Angle-closure glaucoma symptoms
Angle-closure glaucoma happens when the iris of the eye is not as open as it should be, usually because the distance between the iris and lens is narrow. This usually happens as you age, and the lens of the eye gets larger. In someone with a narrow angle of the eye, when the pupil enlarges and narrows, it can bunch up and blocks the drainage canals, according to the Glaucoma Research Foundation.
This can happen really suddenly and cause a very quick and dramatic increase in eye pressure, known as acute angle-closure glaucoma. Because it happens so quickly, symptoms of acute angle-closure glaucoma are very noticeable, and damage occurs quickly, too. It's rare, but when it happens, it's a medical emergency.
"A person would know it's happening," Dr. Starr says. Symptoms include redness of the eye, blurred vision, halos around lights, severe eye and head pain, and nausea and vomiting. "That's a true medical emergency and you need to seek out care."

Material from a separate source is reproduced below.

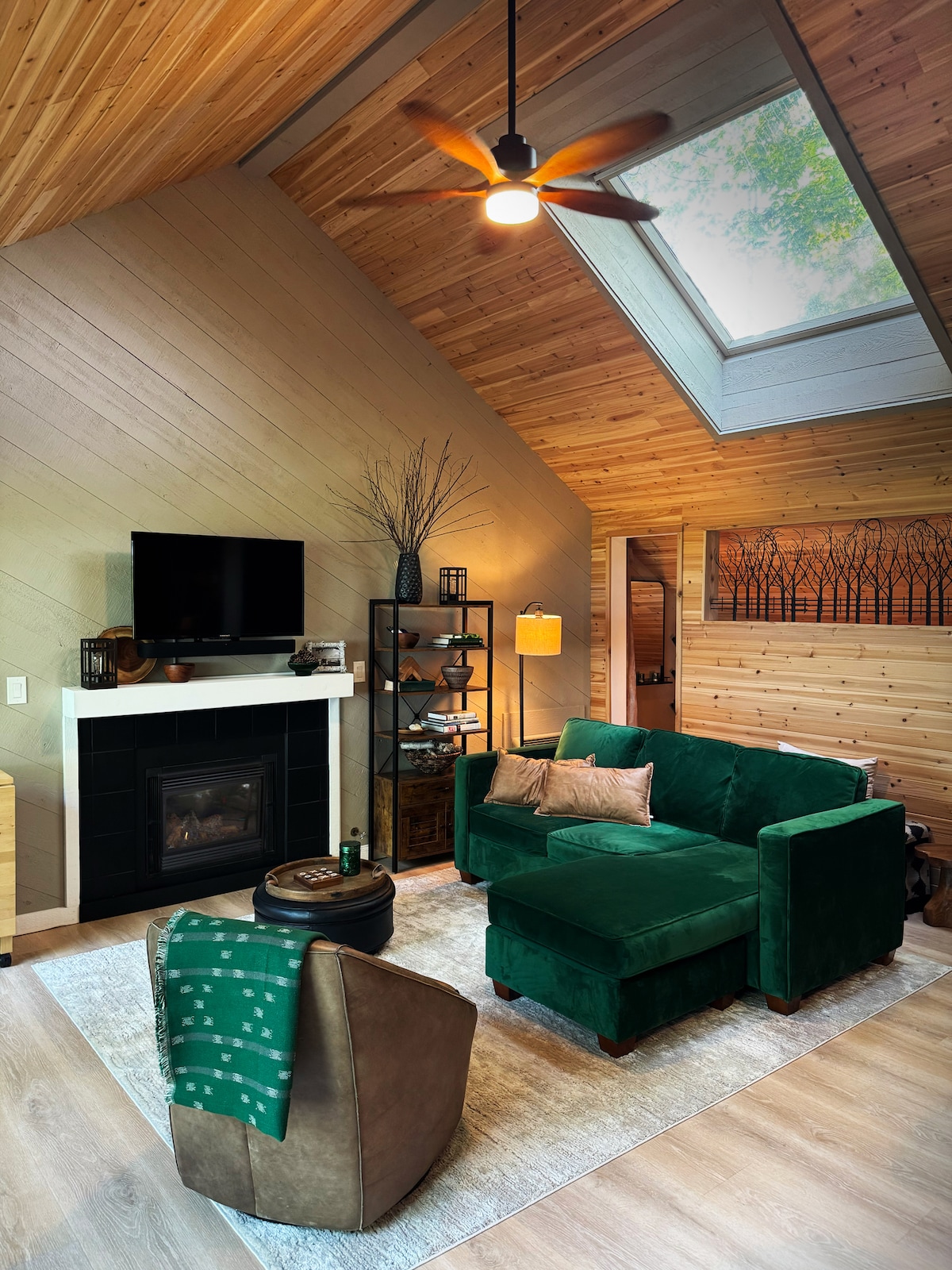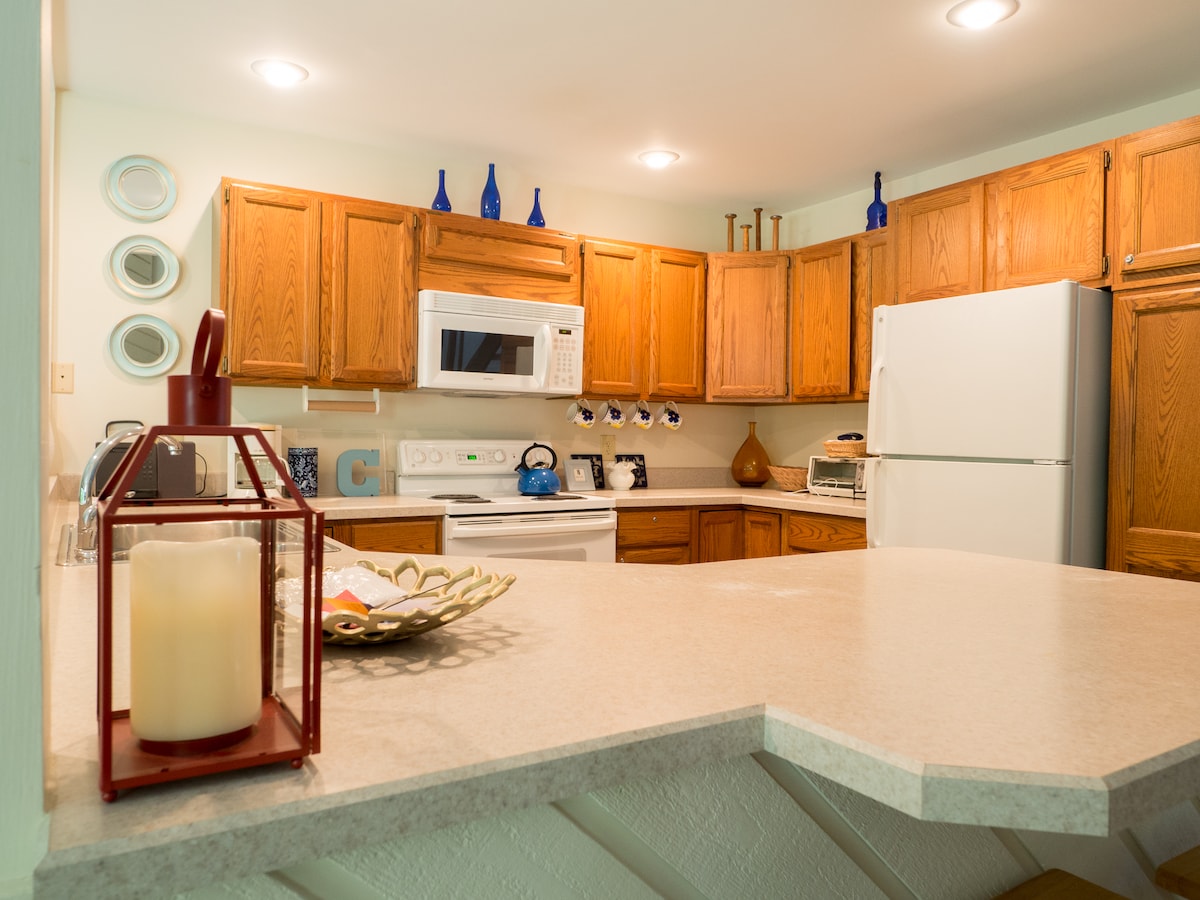 This condo is an end unit which overlooks the Shanty Creek golf course and lake Bellaire. Enjoy modern décor, leather couches, a fully stocked kitchen (fridge, stove, oven, dishwasher, coffee maker, hot water heater, microwave and toaster), all TVs are Amazon Fire so login to your prime account, and you’ll have access to Netflix, Youtube, Disney+ or any other streaming service you subscribe to. Snuggle up next to a wood fireplace (firewood available for purchase at Family Fare or local farms).

Angle-closure glaucoma can also happen slowly over time, similarly, to open-angle glaucoma, according to Merck Manual. This is called chronic angle-closure glaucoma and is often asymptomatic until significant damage to the optic nerve and ensuing vision loss occurs.
Congenital or childhood glaucoma symptoms
About 1 out of 10,000 babies born in the US are born with a defect in the eye that prevents fluid from draining normally, according to the NEI. This is called congenital glaucoma, and usually, you can notice the symptoms soon after the baby is born. Symptoms include cloudy eyes, light sensitivity, extra tear production, and sometimes, eyes that are larger than normal. If surgery is done early enough, vision can usually be preserved.
Children can also develop glaucoma, but this is now pretty rare in the US, Dr. Padmanabhan says.
Secondary glaucoma symptoms
Secondary glaucoma is used to explain when glaucoma happens as a result of another condition. There are four main types—some of which may be more symptomatic than others.
- Neovascular glaucoma happens when extra blood vessels form in the eye and cover the drainage areas. It's usually caused by a medical condition, including diabetes and high blood pressure. Neovascular glaucoma may cause pain and redness of the eye, and eventually, vision loss.
- Pigmentary glaucoma, also known as pigment-dispersion syndrome, happens when pieces of pigment from the iris come loose and block the eye's drainage system. Symptoms of pigmentary glaucoma can include blurry vision and rainbow-colored halos around lights, and can be stimulated by exercise, Dr. Starr says. "Doing strenuous exercise might liberate some of those pigment cells, and so people will have characteristic symptoms of eye pain and/or blurry or foggy vision after strenuous exercise."
- Exfoliation glaucoma, also called pseudoexfoliation, is another type of open-angle glaucoma that's caused by exfoliation syndrome. Exfoliation syndrome is a condition that causes tissue from different parts of the eye to detach, which can block the eye's drainage systems similarly to pigmentary glaucoma. It often progresses quicker than other types of open-angle glaucoma, so you may notice problems with your vision earlier on—but this also means it can also damage the eye quicker.
- Uveitic glaucoma is caused by uveitis, a condition that causes inflammation in the eye. Experts think that the inflammation itself and the scar tissue that forms in the eye somehow damages or blocks the drainage system in the eye, causing high pressure. Corticosteroids used to treat uveitis may also cause high intraocular pressure.
In the majority of cases, people with glaucoma won't feel anything and may not notice vision changes until the disease has progressed pretty far, Dr. Padmanabhan says. Which is why having regular screening and early diagnosis is so critical—identifying who is at a higher risk of glaucoma and treating glaucoma ASAP is the best way to prevent any additional optic nerve damage and preserve long-term vision.